Once the fragmentation data have been obtained, the next and the final daunting task is to retrace steps and infer from the fragment ion data the amino acid sequence in the peptides and then, in turn, the protein structure. This is commonly done using one or the other available proprietary software packages, mostly commercial, which are created, in the first place, based on available data on fragmentation patterns of known peptides. While subjecting the mass spectral output to software application, the additional inputs usually sought are the taxonomy of the sample, the protein mass range, the protease employed, and the database to be searched; the output is a list of names of probable proteins, along with their expectation values, that are compatible with spectral data. Because of limitations of the software, there is no guarantee that the protein actually present in the sample would turn up at the top of the list. Further, since all packages may not point to the same set of proteins, additional considerations are required to arrive at the final conclusion.
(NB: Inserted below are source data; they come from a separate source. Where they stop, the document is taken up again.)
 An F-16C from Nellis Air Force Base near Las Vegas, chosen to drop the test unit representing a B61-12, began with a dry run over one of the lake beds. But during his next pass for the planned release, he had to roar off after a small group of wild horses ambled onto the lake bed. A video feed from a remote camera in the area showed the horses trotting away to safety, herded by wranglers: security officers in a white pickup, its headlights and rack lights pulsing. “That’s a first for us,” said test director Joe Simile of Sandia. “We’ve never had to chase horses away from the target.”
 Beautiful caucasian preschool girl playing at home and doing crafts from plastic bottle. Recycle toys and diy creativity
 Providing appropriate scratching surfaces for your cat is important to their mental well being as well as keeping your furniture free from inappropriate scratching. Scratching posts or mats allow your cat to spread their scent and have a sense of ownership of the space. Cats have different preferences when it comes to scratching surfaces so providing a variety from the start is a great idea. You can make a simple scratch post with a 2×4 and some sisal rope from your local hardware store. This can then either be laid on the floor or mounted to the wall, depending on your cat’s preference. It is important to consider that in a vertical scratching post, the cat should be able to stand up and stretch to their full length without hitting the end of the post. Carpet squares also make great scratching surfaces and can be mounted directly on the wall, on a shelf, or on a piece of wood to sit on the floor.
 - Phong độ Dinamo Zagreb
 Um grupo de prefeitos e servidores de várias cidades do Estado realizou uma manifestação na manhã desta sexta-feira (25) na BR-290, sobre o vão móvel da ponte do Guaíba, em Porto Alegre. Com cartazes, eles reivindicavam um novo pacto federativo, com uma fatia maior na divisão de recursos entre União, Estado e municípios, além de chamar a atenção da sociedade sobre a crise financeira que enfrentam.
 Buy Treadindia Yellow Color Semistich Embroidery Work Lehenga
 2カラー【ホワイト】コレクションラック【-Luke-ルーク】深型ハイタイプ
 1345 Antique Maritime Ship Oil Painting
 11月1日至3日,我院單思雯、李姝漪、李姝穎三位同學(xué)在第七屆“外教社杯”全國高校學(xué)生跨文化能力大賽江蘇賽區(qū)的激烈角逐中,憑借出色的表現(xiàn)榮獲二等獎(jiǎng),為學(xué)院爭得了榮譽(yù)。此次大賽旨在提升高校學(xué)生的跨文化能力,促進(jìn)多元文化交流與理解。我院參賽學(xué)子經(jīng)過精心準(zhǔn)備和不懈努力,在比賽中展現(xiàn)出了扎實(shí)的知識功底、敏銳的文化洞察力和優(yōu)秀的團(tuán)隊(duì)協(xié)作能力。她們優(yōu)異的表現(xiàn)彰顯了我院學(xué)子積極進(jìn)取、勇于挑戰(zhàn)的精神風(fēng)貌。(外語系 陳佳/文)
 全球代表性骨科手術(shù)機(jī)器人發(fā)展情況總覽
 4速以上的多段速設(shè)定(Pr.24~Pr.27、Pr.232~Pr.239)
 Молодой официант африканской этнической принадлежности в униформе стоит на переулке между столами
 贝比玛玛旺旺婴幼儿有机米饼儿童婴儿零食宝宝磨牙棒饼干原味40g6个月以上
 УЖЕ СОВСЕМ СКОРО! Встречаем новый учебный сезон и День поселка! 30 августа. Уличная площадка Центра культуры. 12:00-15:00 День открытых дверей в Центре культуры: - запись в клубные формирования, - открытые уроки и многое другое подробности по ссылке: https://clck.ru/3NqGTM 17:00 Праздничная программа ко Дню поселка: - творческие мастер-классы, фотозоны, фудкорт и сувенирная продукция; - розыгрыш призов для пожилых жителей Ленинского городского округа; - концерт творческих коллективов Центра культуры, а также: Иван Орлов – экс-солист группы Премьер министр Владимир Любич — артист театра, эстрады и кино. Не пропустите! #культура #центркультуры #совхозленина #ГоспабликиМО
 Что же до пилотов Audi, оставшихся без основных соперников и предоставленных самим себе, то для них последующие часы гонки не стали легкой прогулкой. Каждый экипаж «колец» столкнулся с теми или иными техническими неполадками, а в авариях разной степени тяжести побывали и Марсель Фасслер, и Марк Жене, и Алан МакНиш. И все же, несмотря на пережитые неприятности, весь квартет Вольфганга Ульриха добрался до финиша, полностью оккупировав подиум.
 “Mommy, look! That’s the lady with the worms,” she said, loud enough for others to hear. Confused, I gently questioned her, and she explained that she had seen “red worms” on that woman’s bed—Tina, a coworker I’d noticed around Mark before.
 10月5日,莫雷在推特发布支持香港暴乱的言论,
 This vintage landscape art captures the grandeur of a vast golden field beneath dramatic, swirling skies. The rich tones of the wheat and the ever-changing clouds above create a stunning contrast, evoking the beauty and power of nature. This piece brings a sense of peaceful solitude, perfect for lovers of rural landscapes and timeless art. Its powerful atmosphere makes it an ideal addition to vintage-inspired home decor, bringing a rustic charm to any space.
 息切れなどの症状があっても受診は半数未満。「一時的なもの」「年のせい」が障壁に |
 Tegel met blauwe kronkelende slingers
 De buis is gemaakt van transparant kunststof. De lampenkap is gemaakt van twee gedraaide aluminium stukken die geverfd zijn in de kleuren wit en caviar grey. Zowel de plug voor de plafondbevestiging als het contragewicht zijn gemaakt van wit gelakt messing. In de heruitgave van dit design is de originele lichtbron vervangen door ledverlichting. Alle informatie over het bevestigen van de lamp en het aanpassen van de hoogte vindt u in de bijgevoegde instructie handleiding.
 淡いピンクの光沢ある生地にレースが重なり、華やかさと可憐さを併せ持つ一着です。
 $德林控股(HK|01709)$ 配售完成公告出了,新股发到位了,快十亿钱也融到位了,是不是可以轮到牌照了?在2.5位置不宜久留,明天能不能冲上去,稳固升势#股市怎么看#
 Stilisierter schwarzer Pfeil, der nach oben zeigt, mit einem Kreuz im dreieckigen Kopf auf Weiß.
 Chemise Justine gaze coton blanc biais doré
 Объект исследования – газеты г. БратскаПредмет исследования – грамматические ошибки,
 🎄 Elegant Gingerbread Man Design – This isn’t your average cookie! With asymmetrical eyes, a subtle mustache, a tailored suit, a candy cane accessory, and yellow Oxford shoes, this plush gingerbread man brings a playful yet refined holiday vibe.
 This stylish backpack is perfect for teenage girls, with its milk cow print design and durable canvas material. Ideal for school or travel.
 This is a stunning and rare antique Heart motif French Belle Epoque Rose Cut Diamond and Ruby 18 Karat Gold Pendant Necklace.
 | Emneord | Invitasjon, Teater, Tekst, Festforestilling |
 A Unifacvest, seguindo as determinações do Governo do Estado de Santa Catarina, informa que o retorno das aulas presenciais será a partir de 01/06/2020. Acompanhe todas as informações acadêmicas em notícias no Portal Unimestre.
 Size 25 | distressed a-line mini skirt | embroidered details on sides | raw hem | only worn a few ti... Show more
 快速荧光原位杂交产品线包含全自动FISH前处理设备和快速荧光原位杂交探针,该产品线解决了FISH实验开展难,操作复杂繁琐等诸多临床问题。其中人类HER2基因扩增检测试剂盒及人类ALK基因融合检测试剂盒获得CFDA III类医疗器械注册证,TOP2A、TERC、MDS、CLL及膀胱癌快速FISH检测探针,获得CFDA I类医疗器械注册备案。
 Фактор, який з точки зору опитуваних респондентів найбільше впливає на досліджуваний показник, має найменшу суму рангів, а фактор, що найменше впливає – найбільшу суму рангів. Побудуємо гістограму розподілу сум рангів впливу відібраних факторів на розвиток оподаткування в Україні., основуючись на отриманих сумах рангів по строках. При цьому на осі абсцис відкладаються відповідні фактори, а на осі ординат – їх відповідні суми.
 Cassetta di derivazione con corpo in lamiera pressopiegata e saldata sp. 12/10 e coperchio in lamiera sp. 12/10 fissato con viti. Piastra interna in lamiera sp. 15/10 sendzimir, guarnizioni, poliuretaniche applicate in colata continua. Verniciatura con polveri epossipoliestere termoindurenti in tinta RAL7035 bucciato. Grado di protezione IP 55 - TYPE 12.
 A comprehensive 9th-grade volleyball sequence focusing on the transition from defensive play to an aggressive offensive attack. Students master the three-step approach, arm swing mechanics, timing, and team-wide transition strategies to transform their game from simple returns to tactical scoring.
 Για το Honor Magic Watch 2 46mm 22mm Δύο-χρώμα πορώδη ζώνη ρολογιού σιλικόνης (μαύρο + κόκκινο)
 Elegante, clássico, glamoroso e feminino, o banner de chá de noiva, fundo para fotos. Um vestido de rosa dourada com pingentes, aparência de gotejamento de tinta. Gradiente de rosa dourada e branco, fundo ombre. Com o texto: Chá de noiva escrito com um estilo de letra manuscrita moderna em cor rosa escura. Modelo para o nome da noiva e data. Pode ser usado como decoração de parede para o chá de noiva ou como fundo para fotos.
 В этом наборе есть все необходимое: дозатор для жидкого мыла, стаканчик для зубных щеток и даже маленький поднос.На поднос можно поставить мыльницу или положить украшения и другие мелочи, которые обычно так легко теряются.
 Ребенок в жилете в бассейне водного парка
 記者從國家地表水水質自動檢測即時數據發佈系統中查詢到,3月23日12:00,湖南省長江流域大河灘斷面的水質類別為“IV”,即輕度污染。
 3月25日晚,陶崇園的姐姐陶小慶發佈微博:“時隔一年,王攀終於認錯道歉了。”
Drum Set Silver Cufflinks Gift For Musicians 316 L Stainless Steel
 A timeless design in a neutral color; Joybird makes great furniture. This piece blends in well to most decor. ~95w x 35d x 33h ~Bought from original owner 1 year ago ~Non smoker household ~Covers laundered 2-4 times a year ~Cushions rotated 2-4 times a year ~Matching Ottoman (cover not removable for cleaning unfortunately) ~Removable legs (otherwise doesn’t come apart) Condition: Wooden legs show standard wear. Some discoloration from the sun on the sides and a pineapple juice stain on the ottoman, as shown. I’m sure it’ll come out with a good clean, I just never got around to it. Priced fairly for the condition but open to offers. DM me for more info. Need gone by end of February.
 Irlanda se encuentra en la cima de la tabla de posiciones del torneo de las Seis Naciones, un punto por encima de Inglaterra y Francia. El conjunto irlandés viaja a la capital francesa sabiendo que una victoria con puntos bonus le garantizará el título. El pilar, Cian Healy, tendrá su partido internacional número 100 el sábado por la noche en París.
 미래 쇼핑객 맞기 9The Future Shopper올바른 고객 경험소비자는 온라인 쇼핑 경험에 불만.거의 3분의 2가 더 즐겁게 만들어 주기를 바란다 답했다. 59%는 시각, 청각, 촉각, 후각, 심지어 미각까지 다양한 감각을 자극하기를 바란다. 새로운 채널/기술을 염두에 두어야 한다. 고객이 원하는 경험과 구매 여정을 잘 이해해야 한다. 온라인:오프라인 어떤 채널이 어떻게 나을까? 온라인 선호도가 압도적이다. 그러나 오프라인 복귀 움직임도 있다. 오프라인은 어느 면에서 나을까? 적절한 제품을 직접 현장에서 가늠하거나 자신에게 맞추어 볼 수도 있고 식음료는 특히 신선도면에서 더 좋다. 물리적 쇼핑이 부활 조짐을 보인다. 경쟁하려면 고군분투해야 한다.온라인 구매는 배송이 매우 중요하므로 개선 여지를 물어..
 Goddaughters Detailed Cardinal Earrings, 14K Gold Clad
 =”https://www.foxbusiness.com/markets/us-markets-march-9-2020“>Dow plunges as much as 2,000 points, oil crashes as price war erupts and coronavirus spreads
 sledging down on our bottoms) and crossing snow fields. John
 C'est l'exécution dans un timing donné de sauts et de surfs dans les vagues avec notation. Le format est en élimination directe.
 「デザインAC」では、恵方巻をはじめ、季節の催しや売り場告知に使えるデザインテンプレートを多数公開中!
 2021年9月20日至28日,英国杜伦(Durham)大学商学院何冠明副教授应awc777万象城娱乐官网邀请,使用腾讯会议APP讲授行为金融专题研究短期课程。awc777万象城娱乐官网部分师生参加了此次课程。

Often, in experiments, after the qualitative identification of the proteins in a sample has been accomplished, the next objective is to follow their variations with respect to changes, which could be over a wide range of biological conditions of the sources of the samples. It is then expedient to concentrate attention on specific peptides related to the proteins of interest. To this objective, operational modes are then set β through software control β to track specific peptides, or specific ions that are fragmentation products of those peptides. Narrowing scans to relatively much smaller region of mass spectrum increases the speed of analysis drastically; it also increases the dynamic range. In the single reaction monitoring (SRM) procedure, no mass spectra are recorded; two mass analyzers are used in tandem, both tantamount to filters, which track a specific fragment ion arising from its precursor ion. In the multiple reaction monitoring (MRM) procedure too, no mass spectra are recorded; the scanning here is between multiple sets of precursor and fragment ion pairs. Both are targeted approaches; the paramount gains here are greater speed of analysis and higher sensitivity.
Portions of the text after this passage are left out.